>>>
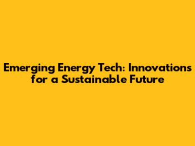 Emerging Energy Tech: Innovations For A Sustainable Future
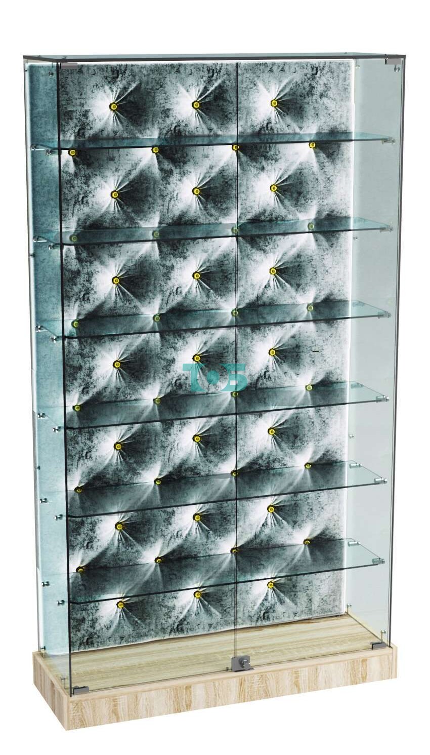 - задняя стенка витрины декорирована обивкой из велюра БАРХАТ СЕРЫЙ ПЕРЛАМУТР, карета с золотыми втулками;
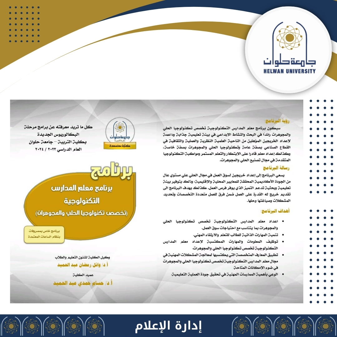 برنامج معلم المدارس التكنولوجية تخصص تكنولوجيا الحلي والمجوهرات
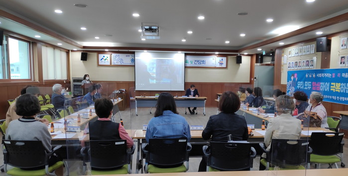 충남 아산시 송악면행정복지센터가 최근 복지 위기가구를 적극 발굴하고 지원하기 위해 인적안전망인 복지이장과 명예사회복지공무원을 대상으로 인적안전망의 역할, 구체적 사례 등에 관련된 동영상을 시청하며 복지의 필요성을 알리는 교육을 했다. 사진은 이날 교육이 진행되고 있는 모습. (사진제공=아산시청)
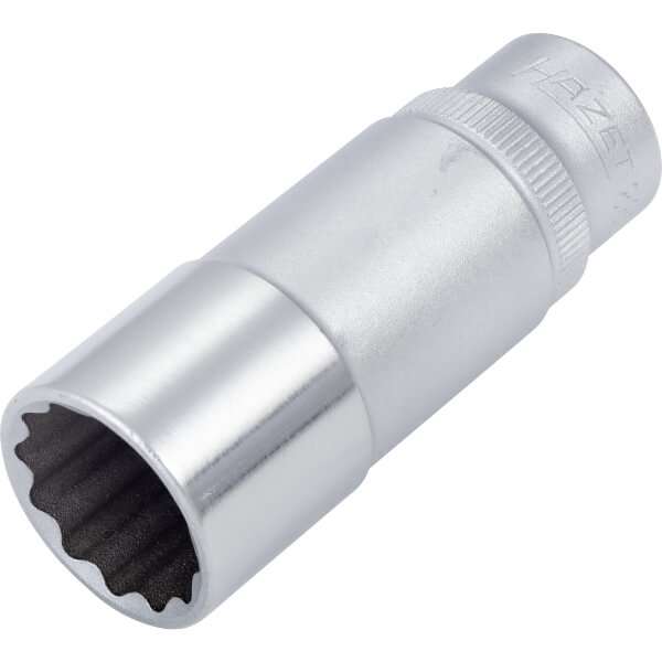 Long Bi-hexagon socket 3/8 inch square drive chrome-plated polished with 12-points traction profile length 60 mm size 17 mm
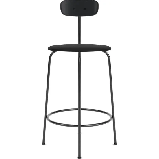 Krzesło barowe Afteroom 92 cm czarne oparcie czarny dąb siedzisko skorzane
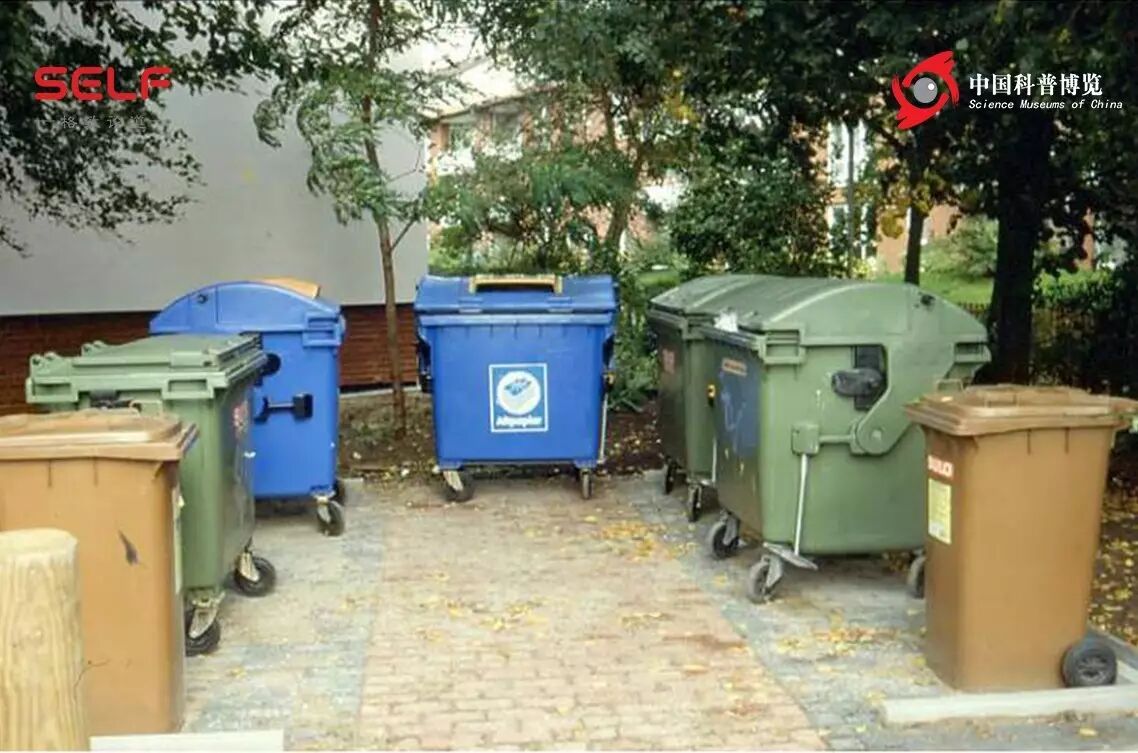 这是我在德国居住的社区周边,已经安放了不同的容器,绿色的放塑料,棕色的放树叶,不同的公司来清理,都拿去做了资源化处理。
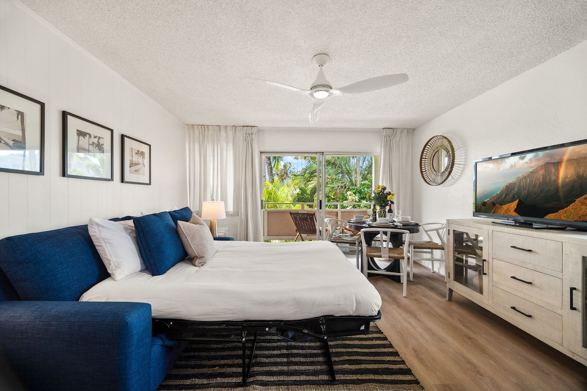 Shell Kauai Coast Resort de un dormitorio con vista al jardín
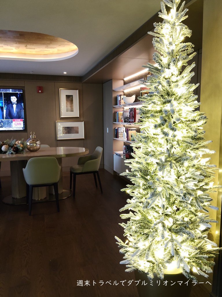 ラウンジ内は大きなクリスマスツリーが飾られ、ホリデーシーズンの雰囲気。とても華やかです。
<<<
Since only the text is needed, retype the data above exactly and omit the pictures.

 Emerging Energy Tech: Innovations For A Sustainable Future
 - задняя стенка витрины декорирована обивкой из велюра БАРХАТ СЕРЫЙ ПЕРЛАМУТР, карета с золотыми втулками;
 برنامج معلم المدارس التكنولوجية تخصص تكنولوجيا الحلي والمجوهرات
 충남 아산시 송악면행정복지센터가 최근 복지 위기가구를 적극 발굴하고 지원하기 위해 인적안전망인 복지이장과 명예사회복지공무원을 대상으로 인적안전망의 역할, 구체적 사례 등에 관련된 동영상을 시청하며 복지의 필요성을 알리는 교육을 했다. 사진은 이날 교육이 진행되고 있는 모습. (사진제공=아산시청)
 Long Bi-hexagon socket 3/8 inch square drive chrome-plated polished with 12-points traction profile length 60 mm size 17 mm
 Krzesło barowe Afteroom 92 cm czarne oparcie czarny dąb siedzisko skorzane
 这是我在德国居住的社区周边,已经安放了不同的容器,绿色的放塑料,棕色的放树叶,不同的公司来清理,都拿去做了资源化处理。
 Shell Kauai Coast Resort de un dormitorio con vista al jardín
 ラウンジ内は大きなクリスマスツリーが飾られ、ホリデーシーズンの雰囲気。とても華やかです。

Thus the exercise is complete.